Your task
Pictures stay out of the copy; output exactly the lines from the one containing "- Sturdy Bamboo" through the end of the material.

Exercise data

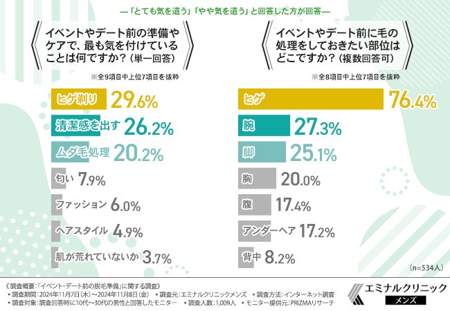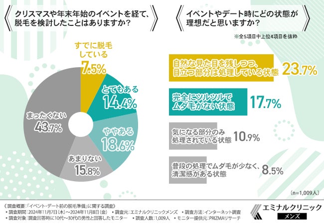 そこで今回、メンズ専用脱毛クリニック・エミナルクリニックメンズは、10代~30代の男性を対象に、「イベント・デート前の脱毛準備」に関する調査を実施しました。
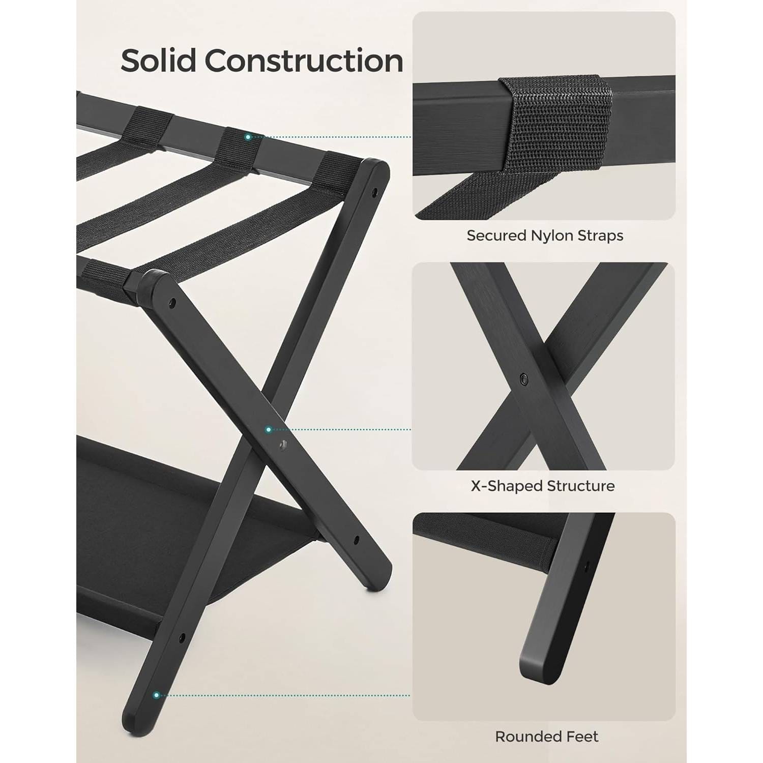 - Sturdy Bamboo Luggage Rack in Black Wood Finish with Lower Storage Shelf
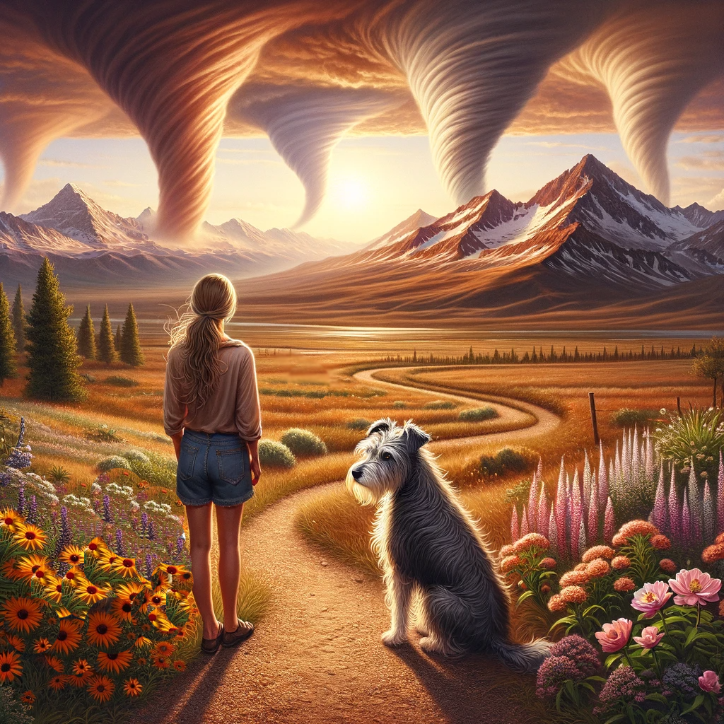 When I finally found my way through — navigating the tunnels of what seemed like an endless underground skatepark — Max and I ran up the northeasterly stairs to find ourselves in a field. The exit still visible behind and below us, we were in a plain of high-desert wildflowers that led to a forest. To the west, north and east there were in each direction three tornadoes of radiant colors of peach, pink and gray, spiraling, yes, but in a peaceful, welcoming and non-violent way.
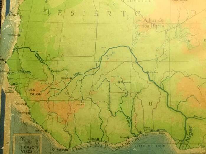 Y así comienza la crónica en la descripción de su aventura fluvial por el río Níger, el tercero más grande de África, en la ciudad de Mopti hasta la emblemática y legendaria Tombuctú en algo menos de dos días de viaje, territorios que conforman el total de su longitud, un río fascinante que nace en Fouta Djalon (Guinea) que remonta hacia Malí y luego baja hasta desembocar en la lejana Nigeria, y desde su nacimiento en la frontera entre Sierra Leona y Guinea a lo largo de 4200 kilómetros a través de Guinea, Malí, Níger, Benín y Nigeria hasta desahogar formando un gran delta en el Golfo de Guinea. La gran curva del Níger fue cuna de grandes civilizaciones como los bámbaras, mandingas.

Reply to the task
 - Sturdy Bamboo Luggage Rack in Black Wood Finish with Lower Storage Shelf
 When I finally found my way through — navigating the tunnels of what seemed like an endless underground skatepark — Max and I ran up the northeasterly stairs to find ourselves in a field. The exit still visible behind and below us, we were in a plain of high-desert wildflowers that led to a forest. To the west, north and east there were in each direction three tornadoes of radiant colors of peach, pink and gray, spiraling, yes, but in a peaceful, welcoming and non-violent way.
 Y así comienza la crónica en la descripción de su aventura fluvial por el río Níger, el tercero más grande de África, en la ciudad de Mopti hasta la emblemática y legendaria Tombuctú en algo menos de dos días de viaje, territorios que conforman el total de su longitud, un río fascinante que nace en Fouta Djalon (Guinea) que remonta hacia Malí y luego baja hasta desembocar en la lejana Nigeria, y desde su nacimiento en la frontera entre Sierra Leona y Guinea a lo largo de 4200 kilómetros a través de Guinea, Malí, Níger, Benín y Nigeria hasta desahogar formando un gran delta en el Golfo de Guinea. La gran curva del Níger fue cuna de grandes civilizaciones como los bámbaras, mandingas.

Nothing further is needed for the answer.